*Activity*. Please restate word for word the lines of the entries below from the one with "ATE Rosario exige" to the one with "Rules of Netiquette", inclusive, and leave out every picture.

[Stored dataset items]
·····
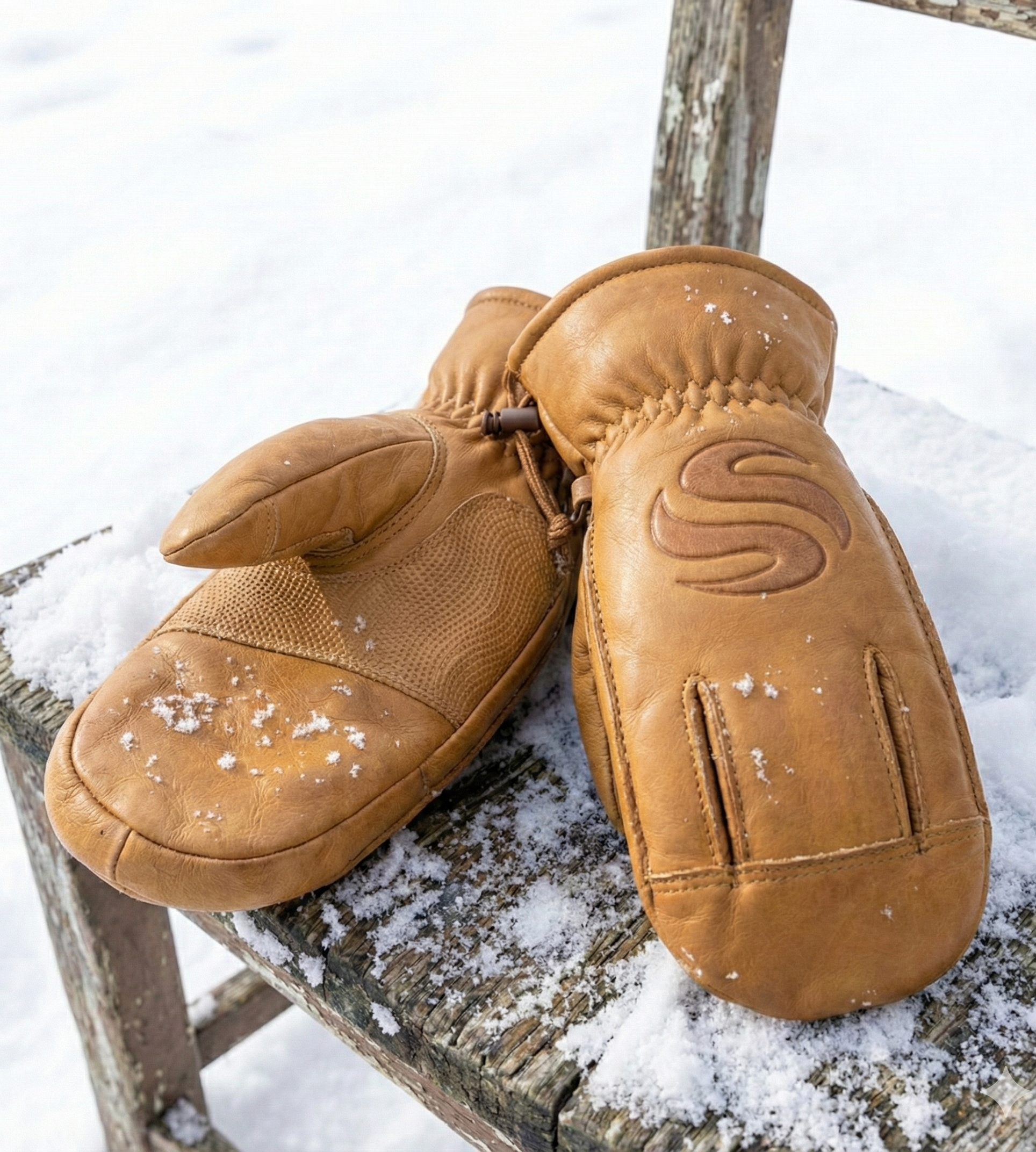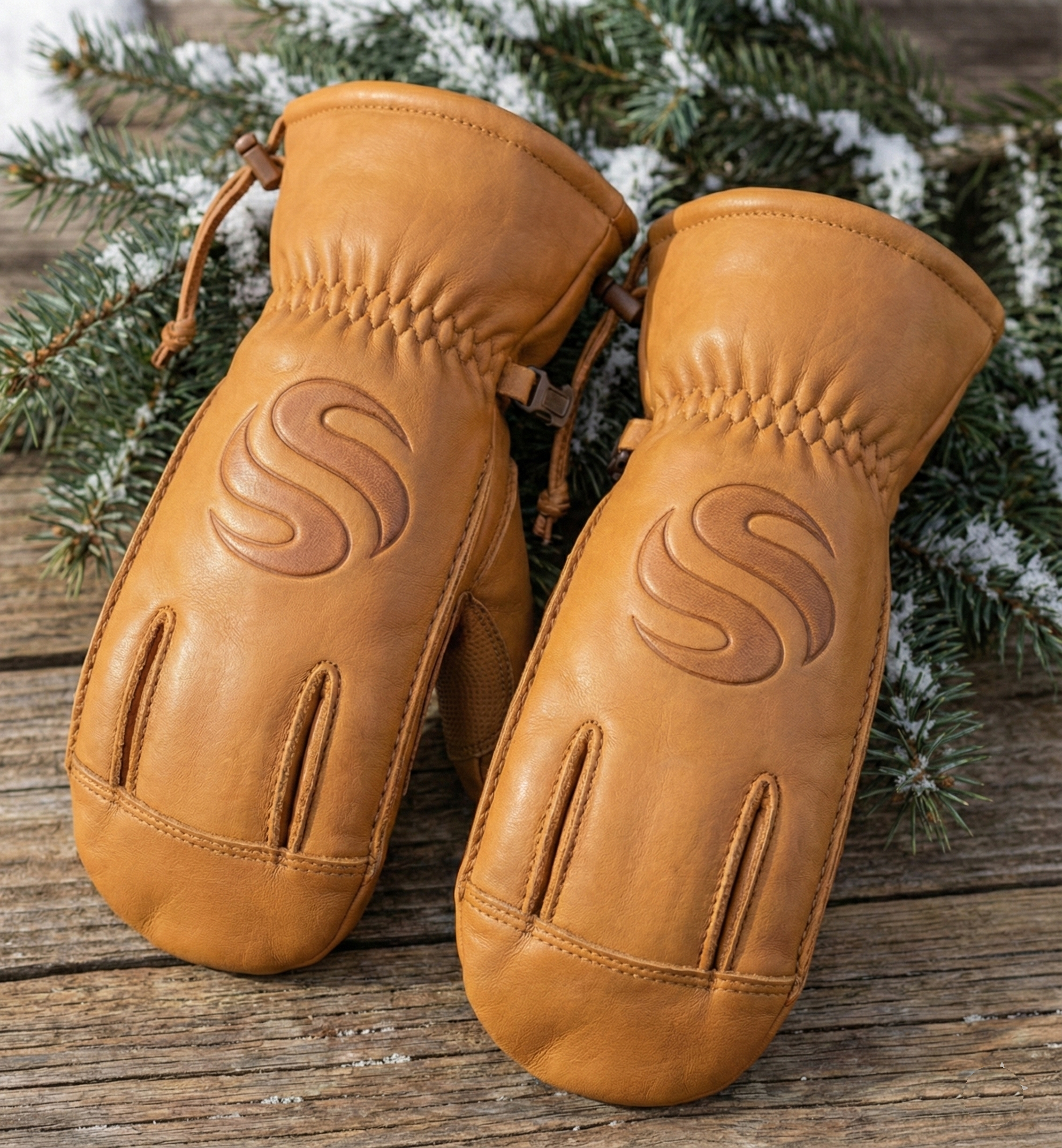Premium Tan Leather Winter Mittens – Thermal Insulated Ski & Snow Gloves with Reinforced Grip
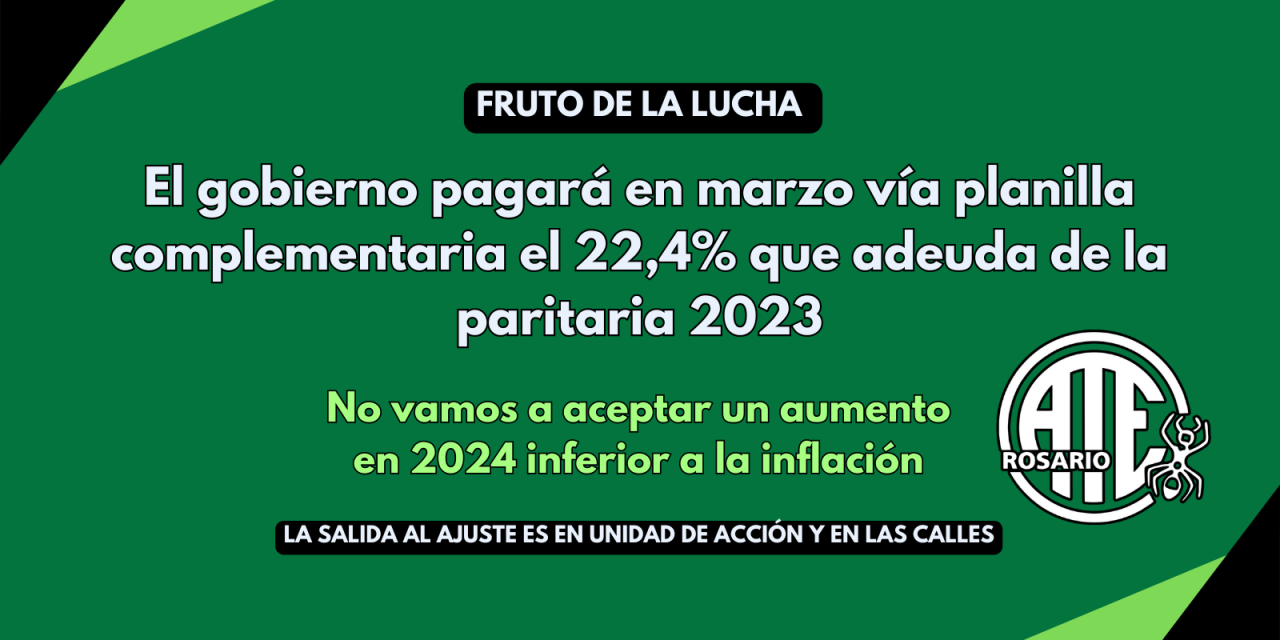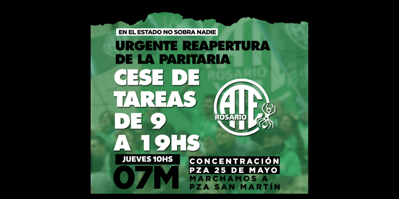 ATE Rosario exige el pago de la deuda salarial que tiene la provincia con lxs estatales santafesinos del 2023 (22%) y un...
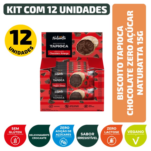 | Kit Biscoito Tapioca Chocolate Zero Açúcar Naturatta 15G - 12 Unidades este produto | R$ 50,66 | 6% | 4.9/5 | 40 |
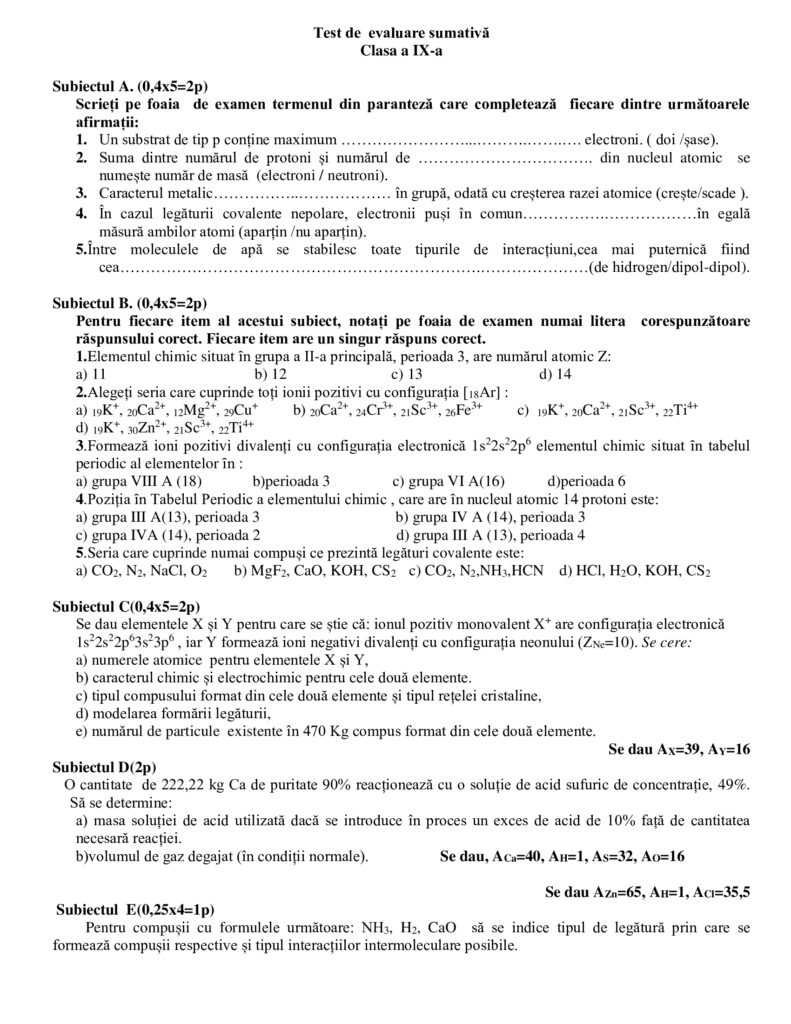 Test de evaluare sumativă Chimie Clasa a IX-aChimie, Clasa a IX-a, Clasele liceale / Autor Cadru didactic Test_evaluare_sumativa-RED-Diferentiat.doc (1 Descărcări ) Elena CiobanuProfesor de Chimie la Colegiul Național ,,Tudor Vladimirescu"; Distribuie pe: 0 Distribuiri Facebook 0 Email Imprimă Copiază legătura
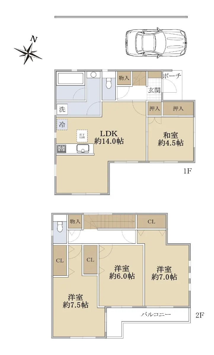 間取は、4LDK、カースペースは車種次第で2台駐車することができます。
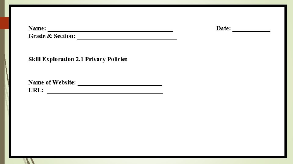Rules of Netiquette Skill Exploration 2. 1 (Privacy Policies) Visit a social networking site and look for the site’s privacy policy. The link is typically found at the bottom of the page and sometimes labelled only “Privacy”. Write a summary on how the website handles both your private and public information.
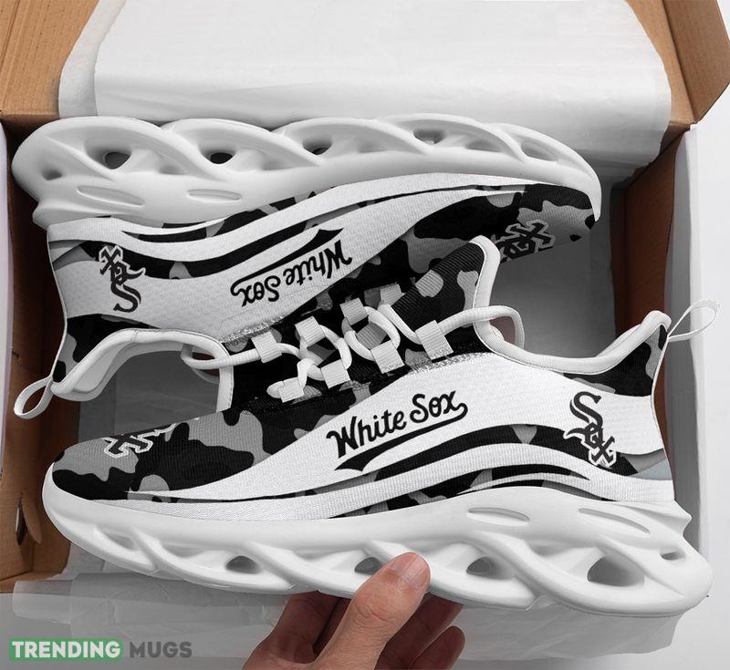 This Chicago White Sox Camo Pattern Max Soul Shoes Runway Chunky Sneakers is a breathable, lightweight, and comfortable casual outdoor shoe that has a unique design. It is made of a mesh fabric which makes it sweat absorbent and breathable, while the rubber bottom ensures traction, comfort, and durability. It is available in two colors: black or white sole. There are two styles of shoelace holes so you can choose your preference.
·····
*Problem solution*.
 ATE Rosario exige el pago de la deuda salarial que tiene la provincia con lxs estatales santafesinos del 2023 (22%) y un...
 | Kit Biscoito Tapioca Chocolate Zero Açúcar Naturatta 15G - 12 Unidades este produto | R$ 50,66 | 6% | 4.9/5 | 40 |
 Test de evaluare sumativă Chimie Clasa a IX-aChimie, Clasa a IX-a, Clasele liceale / Autor Cadru didactic Test_evaluare_sumativa-RED-Diferentiat.doc (1 Descărcări ) Elena CiobanuProfesor de Chimie la Colegiul Național ,,Tudor Vladimirescu"; Distribuie pe: 0 Distribuiri Facebook 0 Email Imprimă Copiază legătura
 間取は、4LDK、カースペースは車種次第で2台駐車することができます。
Rules of Netiquette Skill Exploration 2. 1 (Privacy Policies) Visit a social networking site and look for the site’s privacy policy. The link is typically found at the bottom of the page and sometimes labelled only “Privacy”. Write a summary on how the website handles both your private and public information.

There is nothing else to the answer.